Supplied data
※
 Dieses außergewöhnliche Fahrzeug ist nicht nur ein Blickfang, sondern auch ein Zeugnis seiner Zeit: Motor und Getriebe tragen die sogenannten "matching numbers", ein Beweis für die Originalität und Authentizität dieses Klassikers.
※
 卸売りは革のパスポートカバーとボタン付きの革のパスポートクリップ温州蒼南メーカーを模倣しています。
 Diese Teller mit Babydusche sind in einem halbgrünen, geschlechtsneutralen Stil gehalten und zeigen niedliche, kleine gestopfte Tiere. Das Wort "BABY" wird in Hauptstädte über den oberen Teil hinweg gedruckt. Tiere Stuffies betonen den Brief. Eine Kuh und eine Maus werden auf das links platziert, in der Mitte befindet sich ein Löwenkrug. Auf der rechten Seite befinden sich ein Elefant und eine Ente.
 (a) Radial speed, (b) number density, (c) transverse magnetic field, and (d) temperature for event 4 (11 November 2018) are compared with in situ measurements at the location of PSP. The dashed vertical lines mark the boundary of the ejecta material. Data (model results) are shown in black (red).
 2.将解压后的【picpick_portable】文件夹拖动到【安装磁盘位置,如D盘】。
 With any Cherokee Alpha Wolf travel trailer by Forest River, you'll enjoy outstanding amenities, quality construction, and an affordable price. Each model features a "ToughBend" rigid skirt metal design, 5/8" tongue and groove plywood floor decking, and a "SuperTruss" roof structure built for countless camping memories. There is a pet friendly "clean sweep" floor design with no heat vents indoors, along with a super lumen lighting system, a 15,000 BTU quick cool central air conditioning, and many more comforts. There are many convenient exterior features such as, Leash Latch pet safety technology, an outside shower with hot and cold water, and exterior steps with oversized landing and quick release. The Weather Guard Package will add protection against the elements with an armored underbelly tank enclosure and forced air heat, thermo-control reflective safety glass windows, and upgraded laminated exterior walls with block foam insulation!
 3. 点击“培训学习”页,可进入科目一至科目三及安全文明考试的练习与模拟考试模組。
※
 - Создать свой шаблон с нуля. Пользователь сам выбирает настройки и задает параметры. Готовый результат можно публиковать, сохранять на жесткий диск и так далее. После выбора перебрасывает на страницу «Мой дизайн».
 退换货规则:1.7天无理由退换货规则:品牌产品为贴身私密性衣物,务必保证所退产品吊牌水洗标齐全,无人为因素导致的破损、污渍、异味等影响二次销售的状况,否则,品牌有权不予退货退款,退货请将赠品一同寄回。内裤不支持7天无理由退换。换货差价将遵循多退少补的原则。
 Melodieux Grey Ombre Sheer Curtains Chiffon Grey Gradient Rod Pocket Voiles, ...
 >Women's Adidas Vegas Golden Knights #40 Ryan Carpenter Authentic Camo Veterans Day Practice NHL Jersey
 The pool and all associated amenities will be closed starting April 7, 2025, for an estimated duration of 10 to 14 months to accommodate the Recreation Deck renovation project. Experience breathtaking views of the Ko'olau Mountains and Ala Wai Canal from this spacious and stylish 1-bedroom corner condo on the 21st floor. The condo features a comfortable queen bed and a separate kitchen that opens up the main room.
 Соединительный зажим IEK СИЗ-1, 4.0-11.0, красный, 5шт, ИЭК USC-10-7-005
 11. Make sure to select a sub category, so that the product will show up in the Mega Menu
※
Exercise
Take the stretch of lines above from the one containing "(a) Radial speed, (b)" through the one containing "2.将解压后的【picpic" and repeat it exactly, adding no other line.

Answer space
 (a) Radial speed, (b) number density, (c) transverse magnetic field, and (d) temperature for event 4 (11 November 2018) are compared with in situ measurements at the location of PSP. The dashed vertical lines mark the boundary of the ejecta material. Data (model results) are shown in black (red).
 2.将解压后的【picpick_portable】文件夹拖动到【安装磁盘位置,如D盘】。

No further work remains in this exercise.